WASHINGTON (Reuters) - Even as Nippon Steel faced skepticism of its doomed $14.9 billion bid for U.S. Steel from the Biden administration, it was also contending with headwinds from an unlikely source: the CEO of a rival bidder for the firm who repeatedly cast doubt on the deal's prospects to investors.

    Lourenco Goncalves, CEO of steelmaker Cleveland-Cliffs, which made a failed $7 billion bid for U.S. Steel in August 2023, participated in at least nine calls assuring investors that President Joe Biden would scuttle the Nippon Steel merger months before he did so on Friday, according to summaries of investor calls included in a Dec. 17 letter from lawyers for Nippon Steel and U.S. Steel to the Committee on Foreign Investment in the U.S. (CFIUS) and confirmed to Reuters by two participants in the calls. 

"I can't force U.S. Steel to sell to me, but I can work my magic to make a deal that I don't agree with not to close," he told investors on a March 13 call hosted by JP Morgan, the letter quoted Goncalves as saying.

"It's not closing, and Biden hasn't spoken yet. He will."

The next day, Biden announced his opposition to the tie-up.

CFIUS, which reviews foreign investments in the U.S. for national security risks, could not reach consensus on whether to greenlight the Nippon Steel transaction and referred the matter to Biden in late December, setting the stage for his Friday block.

Goncalves declined to comment and a representative from Cleveland-Cliffs did not respond to a request for comment. Nippon Steel and the Treasury Department, which leads CFIUS, also declined to comment. U.S. Steel said the company will continue to fight for this deal in response to questions for this story. The White House said neither Goncalves nor his comments played a role in Biden's decision to kill the deal. It said on Friday that the proposed purchase presented national security concerns.

JP Morgan declined to comment, but a note to clients summarizing its March 2024 industrials conference mentions the event with Goncalves, saying "management reiterated its expectation that the deal will not close." A participant in the call confirmed Goncalves' forecast Biden would soon take aim at the deal.

While Goncalves made similar comments about the deal to analysts on three earnings calls this year, his private remarks made throughout 2024 about the deal process show the extent of his effort to cast doubt on Nippon's bid for U.S. Steel. His comments sometimes preceded drops in the U.S. Steel share price, Nippon Steel and U.S. Steel told CFIUS.

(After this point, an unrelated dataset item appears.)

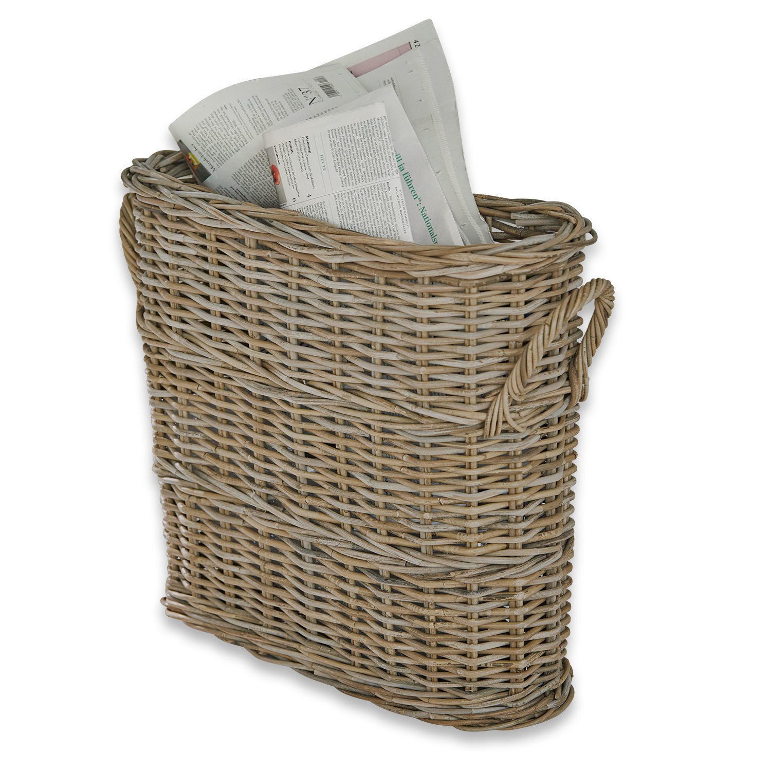 Ein Muss für jeden Zeitungsleser. Dichtes, ebenmäßiges Rattan-Geflecht: Ein Meisterwerk traditioneller Korbmacherkunst. So ist Ihre Lektüre aufgeräumt und trotzdem griffbereit. Regionale Tageszeitung oder Wochenzeitung, Einrichtungsjournal oder Fachzeitschrift – es gibt vieles, was Sie lesen möchten, wofür aber nicht immer ausreichend Muße da ist. Das heißt: Die Zeitschriften müssen sich mindestens bis zum Wochenende gedulden, bis Sie Zeit dafür finden. Doch nichts stört Ihr Wohlgefühl mehr, als wenn auf dem Sofa, dem Couchtisch oder gar auf dem Teppich überall Lesematerial verteilt liegt. Dann lassen Sie sich doch von diesem Zeitungshalter helfen! In seinem großzügigen Inneren ist das Lesematerial im Nu ordentlich aufgeräumt und doch stets griffbereit, damit Sie es bei Bedarf schnell zur Hand nehmen und sich eine kleine Auszeit auf dem Sofa gönnen können. Und wenn Ihr Blick dabei auf den Zeitungshalter fällt, werden Sie jedes Mal von seinem stilvollen Äußeren begeistert sein. Er ist in sorgfältiger Handarbeit aus der Naturfaser Rattan gefertigt, die ein besonders gleichmäßiges Flechtwerk aus runden, glatten Fasern bildet – ein sicheres Zeichen für die Hochwertigkeit des Produkts, das sich mit seinem dezenten Antik-Finish harmonisch in jeden Wohn-Stil einfügt.

Cleveland-Cliffs has previously expressed interest in making another bid.

The steelmaker, which has been led by Brazilian-born Goncalves for over a decade, made the unsolicited bid for U.S. Steel with support from the United Steelworkers union, arguing the companies combined would "create a lower-cost, more innovative, and stronger domestic supplier."

But U.S. Steel raised concerns a tie-up with Cleveland-Cliffs risked being shot down by antitrust regulators because it would consolidate the supply of steel to U.S. automakers and put up to 95% of U.S. iron ore production under the control of one company. U.S. Steel's board rejected the offer.

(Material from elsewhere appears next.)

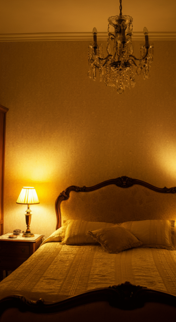 Lighting changes the mood of a traditional bedroom completely. Instead of white harsh lights, choose warm soft yellow ones. Chandeliers with crystals or curved iron frames are great for ceilings.

Nippon Steel's December all-cash offer was valued at twice Cleveland-Cliffs' price, and Nippon later promised to revitalize U.S. Steel's aging mills with investment from an allied nation.

But the offer became politicized, with both Biden and Republican President-Elect Donald Trump pledging to kill the deal as they wooed voters in the swing state of Pennsylvania where U.S. Steel is headquartered.

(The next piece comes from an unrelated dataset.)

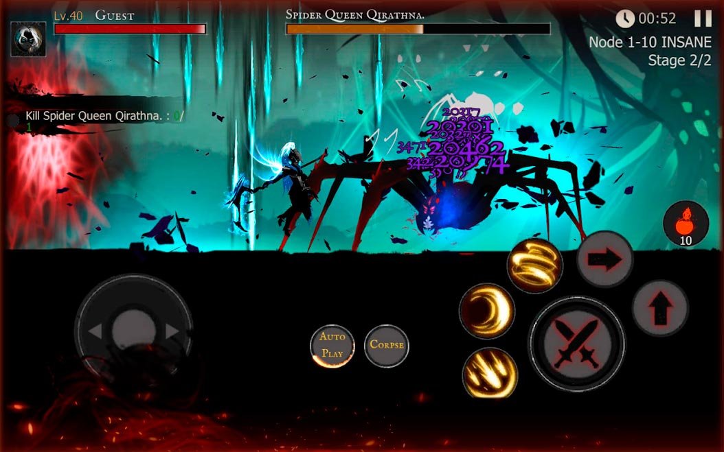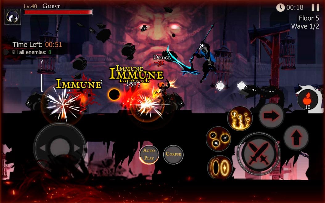 С этого момента на Авроре начинается очень злое и темное время, которое превращает город в апокалипсис. Вскоре появляется молодой и сильный рыцарь Макс, который прошел достаточно войн, чтобы набраться опыта. У него есть много суперспособностей, которые удалось получить после исследований короля Лютера. Теперь игроков в Shadow of Death: Dark Knight - Stickman Fighting ждут эпические войны и постоянные сражения с невероятным количеством монстров и врагов. используйте смертоносное оружие, магию и заклинания, чтобы справиться с проблемами.

Trump and Biden both asserted the company should remain American-owned after USW President David McCall expressed his opposition to the tie-up.

Biden's objections led to "impermissible undue influence" from the White House on CFIUS's national security review of the tie-up, the companies alleged in a letter obtained by Reuters last month that also contained the summaries of the investor calls with Goncalves.

Goncalves previously disputed CFIUS was considering the merits of the deal.

In a March 15 call with a top investor in U.S. Steel confirmed by a participant in the call, he said, "[T]here's no process. This is not going to be a process. CFIUS is just cover for a President to kill a deal. CFIUS is a bunch of bureaucrats, second and third level, inside the cabinet...It means the President can do whatever he wants."